There is a possibility of finding files that ends with following extentions, I want to extract file_id and file_name as you provided in your previous post.

1. .dat.trnsfr.gz
2. .dat
3. .aud.trnsfr
4. .aud.trnsfr.gz

I do not want to consider files that ends with [FONT=r_ansi][SIZE=2].aud.trnsfr.gz and aud.trnsfr, but I want to extract file_id and file_names from the files whose file names end with .dat.trnsfr.gz and .dat

In case of files end with .dat, i do not want to cut of its tail end since it has the file name that I required.

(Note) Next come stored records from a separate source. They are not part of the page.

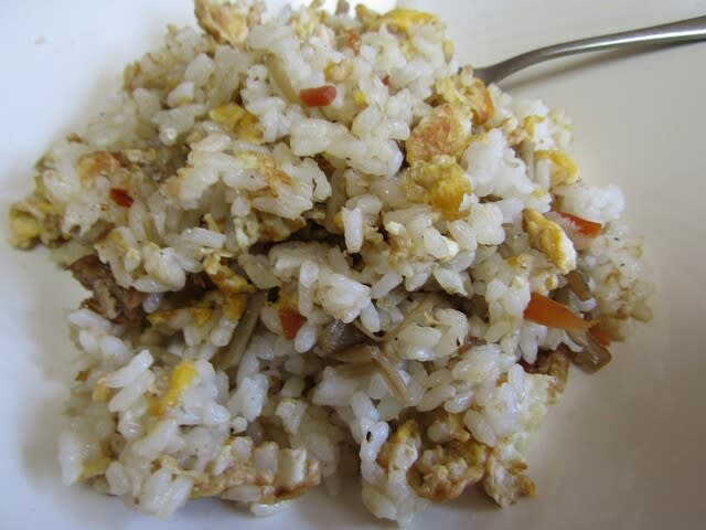きんぴらごぼうを細かき切ってチャーハンに入れてみました。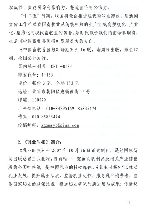 關于建議會員單位訂購《中國畜牧獸醫(yī)報》、《乳產(chǎn)業(yè)時報》的通知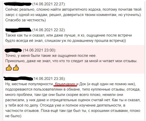 1) Никакое агенство не имеет достпуп к информации админов ИС. Никто не скажет, кроме админов ИС причину блокировки. 2) Не верю, что админы ИС не сказали причину. Я сам был недавно жертва блокировки, так же неожиданно. Многие доны в курсе этого. И мне ответили и было долгое разбирательство и тд и тп. 3) Админы ИС не блокируют по жалобе какого нибудь Дона - это факт. 4) Допустим, что я. То есть я , со слов Крымчанина, хожу по феям, плачу деньги и тупо трачу время на стенографию походов Крымчанина и как он трахается? Или во время кекса - кладу на спину феи блокнот и ритмично записываю показания? 5) Крымчанин не сможет предоставить доказательства от упомянутого им агенства, тк я также знаком с данным агенством (как познакомился это не важно, на опыте и частом хождении прикидываешь "палец к носу") так вот, мы с руководством этого агенства ловили Крымчанина НА ВРАНЬЕ. 6) Кто не знает Дока, нууу.... это странно, но не суть. Он тут не зарегистрирован, но в курсе того что происходит. Крымчанин не пойдет против Дока. Док проедет по нему своим авторитетом, как катком. 7) Я никогда не сомневался в том, что Крымчанин существует ( как он описывает того, кто собирает о нем инфу) 8) Согласен, что словам фей верить нельзя на 100%, но я никогда не начинал разговор о других ( смотрите пункт 4). Феи сами все рассказывают и по случаю, мимоходом. И Крымчанин у многих ассоциируется с негативом и неприязнью. 9) На ИС и тут тоже я неоднократно встечал комментарии к отзывам после Крымчанина, что ему верит нельзя и что после него - одно разочарование. Правда тут и Доку достается, видимо цепочка еще актуальна. 10) Исходя из пункта 10, у меня есть свои "почитатели", которые мне верят и ходят по феям после меня и проблем не было, в отличе от Крымчанина. (смотрите фотку, как 1 пример)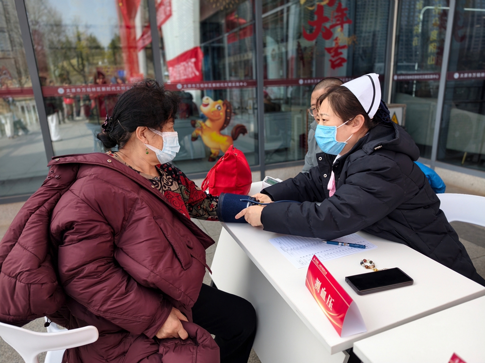 文明市集聚合力,便民服务暖民心。活动现场,区红十字会、太原市扶弱帮困协会等多家单位设立服务点位,开展公益宣传、AI科普、爱心帮扶等多样化服务;区医疗集团中心医院组建专业医护团队,设置7组义诊点位,为居民免费量血压、测血糖、提供健康咨询,用专业守护群众健康,赢得现场群众一致好评。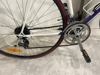 ✅ Bici de 2ª mano reacondicionada ✅ Imágenes propias y reales de la bicicleta, no de catálogo ✅ Garantía 1 año + 1 año opcional ✅ A plazos desde 27,76€ / mes sin intereses ✅ Envío a toda España. ¡Pregúntanos! ▪️Cuadro: Aluminio ▪️Tamaño de la rueda: 700 ▪️Material de la rueda: Aluminio ▪️Cambio: Shimano Sora ▪️Tipo de cambio: Mecánico ▪️Velocidades: 9 ▪️Cassette: 11-34-T ▪️Mandos de cambio: Shimano Sora ▪️Bielas: Shimano ▪️Platos: 50-34-T ▪️Frenos: Tektro ▪️Ruedas: Syncros Race ▪️Material de la potencia: Aluminio ▪️Manillar: Aluminio ▪️Tija: Aluminio

But in case files that end with .dat.trnsfr.gz , i need to cut off .trnsfr.gz

The format will be as given in the above post.
[/SIZE][/FONT]
in 2012->04 ->08 folder contains files like this

 
sasmm_fsbc_durds_id00016763_t20120408230850.aud.trnsfr.gz
sasmm_fsbc_durds_id00016763_t20120408230850.dat.trnsfr.gz

but in 2012->04->01 folder contains files like this

 
sasmm_fsbc_durds_id00016596_t20120401231148.aud.trnsfr
sasmm_fsbc_durds_id00016596_t20120401231148.dat

sasmm_fsbc_durds_id00016573_t20120401000754.dat

can you please help me out? can you give end date as 20 sept 2012 and restrics data within the range of Jan 26 2012 to Sept 20 , 2012 as well?

Thanks...

So, if you change the same line I told you to change last time from:

find 2012/01/2[6-9] 2012/01/3[01] 2012/0[2-9] -name 'sasmm_fsbc_durds_id000[0-9]*_t?*.dat.trnsfr.gz' | while read path

to:

find 2012/01/2[6-9] 2012/01/3[01] 2012/0[2-8] 2012/09/[01][0-9] 2012/09/20 -name 'sasmm_fsbc_durds_id000[0-9]*_t?*.dat*' | while read path

it should do what you want. I would have expected that you'd be able to make a simple change like this yourself given the suggestions you've seen in past posts on this thread.